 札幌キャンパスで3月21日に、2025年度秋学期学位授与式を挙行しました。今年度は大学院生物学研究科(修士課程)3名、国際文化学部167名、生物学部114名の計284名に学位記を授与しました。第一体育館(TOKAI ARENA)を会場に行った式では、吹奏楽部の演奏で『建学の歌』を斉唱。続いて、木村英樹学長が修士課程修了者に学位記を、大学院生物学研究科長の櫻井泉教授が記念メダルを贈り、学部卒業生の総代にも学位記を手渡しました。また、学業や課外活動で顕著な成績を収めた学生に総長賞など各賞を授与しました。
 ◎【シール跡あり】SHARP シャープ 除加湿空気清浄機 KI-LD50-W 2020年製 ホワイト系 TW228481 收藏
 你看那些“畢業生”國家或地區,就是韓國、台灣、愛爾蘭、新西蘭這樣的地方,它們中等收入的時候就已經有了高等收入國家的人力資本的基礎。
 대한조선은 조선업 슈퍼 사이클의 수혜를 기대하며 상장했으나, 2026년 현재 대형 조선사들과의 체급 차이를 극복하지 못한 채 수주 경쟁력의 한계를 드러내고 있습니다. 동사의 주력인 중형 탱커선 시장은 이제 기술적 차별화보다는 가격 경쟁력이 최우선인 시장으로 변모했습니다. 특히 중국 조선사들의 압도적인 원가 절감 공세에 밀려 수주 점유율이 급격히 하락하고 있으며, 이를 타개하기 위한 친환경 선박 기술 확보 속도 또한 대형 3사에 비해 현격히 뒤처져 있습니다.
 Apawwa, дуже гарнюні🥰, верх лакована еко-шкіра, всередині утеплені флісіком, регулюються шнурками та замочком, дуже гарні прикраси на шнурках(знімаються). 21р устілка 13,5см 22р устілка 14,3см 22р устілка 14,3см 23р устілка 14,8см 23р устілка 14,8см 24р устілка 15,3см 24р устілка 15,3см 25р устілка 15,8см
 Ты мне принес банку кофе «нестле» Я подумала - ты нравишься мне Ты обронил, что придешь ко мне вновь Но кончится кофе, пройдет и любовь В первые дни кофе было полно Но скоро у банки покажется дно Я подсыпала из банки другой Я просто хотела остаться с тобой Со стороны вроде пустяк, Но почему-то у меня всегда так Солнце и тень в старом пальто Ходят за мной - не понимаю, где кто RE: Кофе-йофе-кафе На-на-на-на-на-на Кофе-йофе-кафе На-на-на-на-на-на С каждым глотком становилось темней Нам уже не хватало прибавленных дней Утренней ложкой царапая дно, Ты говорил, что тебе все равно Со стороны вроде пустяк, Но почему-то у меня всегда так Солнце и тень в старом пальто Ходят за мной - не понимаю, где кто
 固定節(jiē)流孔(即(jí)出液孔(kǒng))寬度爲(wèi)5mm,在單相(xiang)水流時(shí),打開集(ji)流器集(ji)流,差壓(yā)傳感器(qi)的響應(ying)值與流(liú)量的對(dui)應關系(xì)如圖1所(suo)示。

ASSIGNMENT: Faithfully transcribe the whole of the data.

TASK OUTPUT:
 札幌キャンパスで3月21日に、2025年度秋学期学位授与式を挙行しました。今年度は大学院生物学研究科(修士課程)3名、国際文化学部167名、生物学部114名の計284名に学位記を授与しました。第一体育館(TOKAI ARENA)を会場に行った式では、吹奏楽部の演奏で『建学の歌』を斉唱。続いて、木村英樹学長が修士課程修了者に学位記を、大学院生物学研究科長の櫻井泉教授が記念メダルを贈り、学部卒業生の総代にも学位記を手渡しました。また、学業や課外活動で顕著な成績を収めた学生に総長賞など各賞を授与しました。
 ◎【シール跡あり】SHARP シャープ 除加湿空気清浄機 KI-LD50-W 2020年製 ホワイト系 TW228481 收藏
 你看那些“畢業生”國家或地區,就是韓國、台灣、愛爾蘭、新西蘭這樣的地方,它們中等收入的時候就已經有了高等收入國家的人力資本的基礎。
 대한조선은 조선업 슈퍼 사이클의 수혜를 기대하며 상장했으나, 2026년 현재 대형 조선사들과의 체급 차이를 극복하지 못한 채 수주 경쟁력의 한계를 드러내고 있습니다. 동사의 주력인 중형 탱커선 시장은 이제 기술적 차별화보다는 가격 경쟁력이 최우선인 시장으로 변모했습니다. 특히 중국 조선사들의 압도적인 원가 절감 공세에 밀려 수주 점유율이 급격히 하락하고 있으며, 이를 타개하기 위한 친환경 선박 기술 확보 속도 또한 대형 3사에 비해 현격히 뒤처져 있습니다.
 Apawwa, дуже гарнюні🥰, верх лакована еко-шкіра, всередині утеплені флісіком, регулюються шнурками та замочком, дуже гарні прикраси на шнурках(знімаються). 21р устілка 13,5см 22р устілка 14,3см 22р устілка 14,3см 23р устілка 14,8см 23р устілка 14,8см 24р устілка 15,3см 24р устілка 15,3см 25р устілка 15,8см
 Ты мне принес банку кофе «нестле» Я подумала - ты нравишься мне Ты обронил, что придешь ко мне вновь Но кончится кофе, пройдет и любовь В первые дни кофе было полно Но скоро у банки покажется дно Я подсыпала из банки другой Я просто хотела остаться с тобой Со стороны вроде пустяк, Но почему-то у меня всегда так Солнце и тень в старом пальто Ходят за мной - не понимаю, где кто RE: Кофе-йофе-кафе На-на-на-на-на-на Кофе-йофе-кафе На-на-на-на-на-на С каждым глотком становилось темней Нам уже не хватало прибавленных дней Утренней ложкой царапая дно, Ты говорил, что тебе все равно Со стороны вроде пустяк, Но почему-то у меня всегда так Солнце и тень в старом пальто Ходят за мной - не понимаю, где кто
 固定節(jiē)流孔(即(jí)出液孔(kǒng))寬度爲(wèi)5mm,在單相(xiang)水流時(shí),打開集(ji)流器集(ji)流,差壓(yā)傳感器(qi)的響應(ying)值與流(liú)量的對(dui)應關系(xì)如圖1所(suo)示。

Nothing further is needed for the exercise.